The Buzludzha Monument in Bulgaria is close to the Shipka road. From the road the pathway wends its way to the monument at the top.


Buzludzha is a peak in the Central Balkan Mountains of Bulgaria. The peak has been a site of historical importance since the 1800’s. The mountain is to the east of the Shipka Pass near the town of Kazanlak. The peak is 1,432 metres (4,698 feet) high. It was renamed to Hadzhi Dimitar in 1942 but remains popularly known as Buzludzha. The peak’s name comes from Turkish word : buzlu which means ‘icy’ In English. People call the monument the Spaceship as it does slightly resemble the Starship Enterprise.

A place of national importance

The peak was the location of many battles over the years.
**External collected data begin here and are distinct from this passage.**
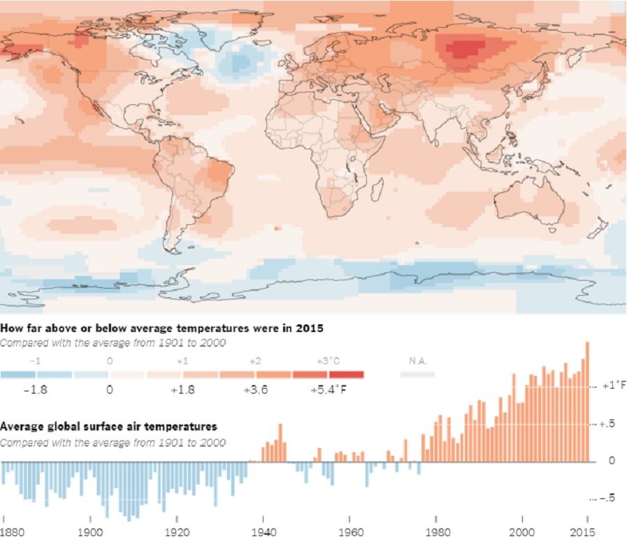El avance es sumamente significativo: durante 2015, la temperatura promedio global sobre superficies terrestres y oceánicas fue de 58.62 grados Fahrenheit (14.79 C grados centígrados), lo que significa que tan solo el año pasado, se registró un incremento global de la temperatura de 1.62 grados Fahrenheit (0.90 grados centígrados).
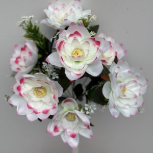 Самый большой выбор (более 130 видов) с широчайшей цветовой гаммой представлены в интернет-магазине “33 букета” искусственные цветы Средних букетов. Их высота составляет 45 – 50 см. Это копии роз, ромашек, хризантем, тюльпанов и многих других цветов со средним количеством цветочных головок от 6 у очень крупных и до 30-ти у маленьких. Все они высокого качества и произведены из безопасных материалов. Такими букетами украшают интерьеры больших помещений, используют в свадебной флористике (создают торжественные арки и украшают свадебные автомобили), вплетают в траурные венки, а также во многих других случаях. Приобретение Средних букетов у нас – лучшее решение как по цене, так и по качеству.
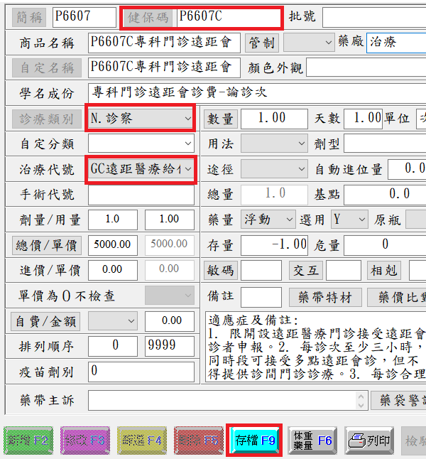 ● 於「F3診療作業」畫面下方按下『F12』或於『4藥品資料』新增醫令代碼
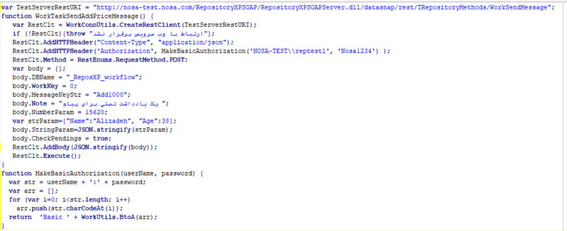 در این مثال فرض شده است که یک شرکت نمونه، سرویس REST استعلام قیمت را برای مشتریان راه اندازی کرده است و لذا هر مشتری اگر مثلا نام کالا را به عنوان پارامتر حرفی ارسال کند، سیستم بطور اتوماتیک تابع WorkProcessMessage را با کلید حرفی Quotation اجرا کرده و قیمت را برای مشتری ارسال خواهد کرد.
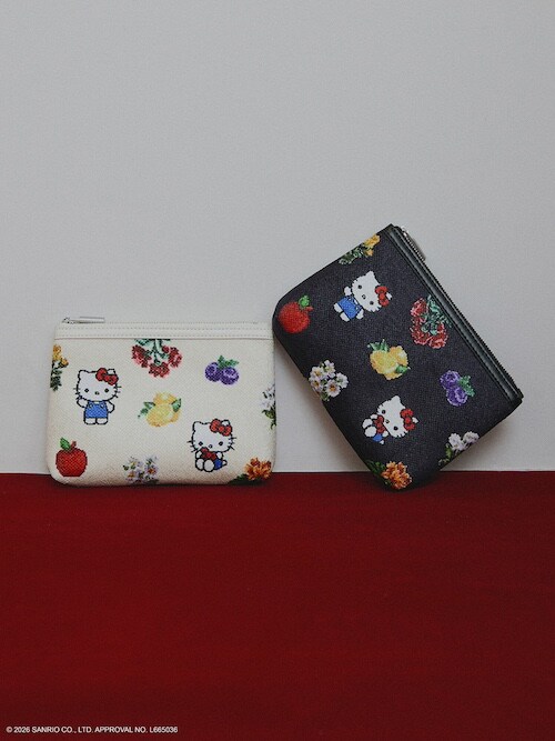 ハローキティキティとフルーツミックスを組み合わせた、SSらしいキャッチーなAmeriオリジナル柄のポーチ。

In 1868 it was the location of the final battle between Bulgarian rebels of the Ottoman Empire. On 31 July 1868 , Hadzhi Dimitar and a band of 30 rebels fought a losing battle against 700 Ottoman troops. Sadly, only four hundred Bulgarians survived. Their action served as an inspiration for the Liberation of Bulgaria from the Ottomans ten years later. There was a bitter battle. Soldiers fought a few miles away at the Shipka Pass.

In 1891 the Bulgarian Social Democratic Workers Party chose the site for the first congress. This later became the Bulgarian Communist Party led by Dimitar Blagoev. In 1944 the peak was the scene of fighting between Communist partisans and detachments of the Bulgarian Army.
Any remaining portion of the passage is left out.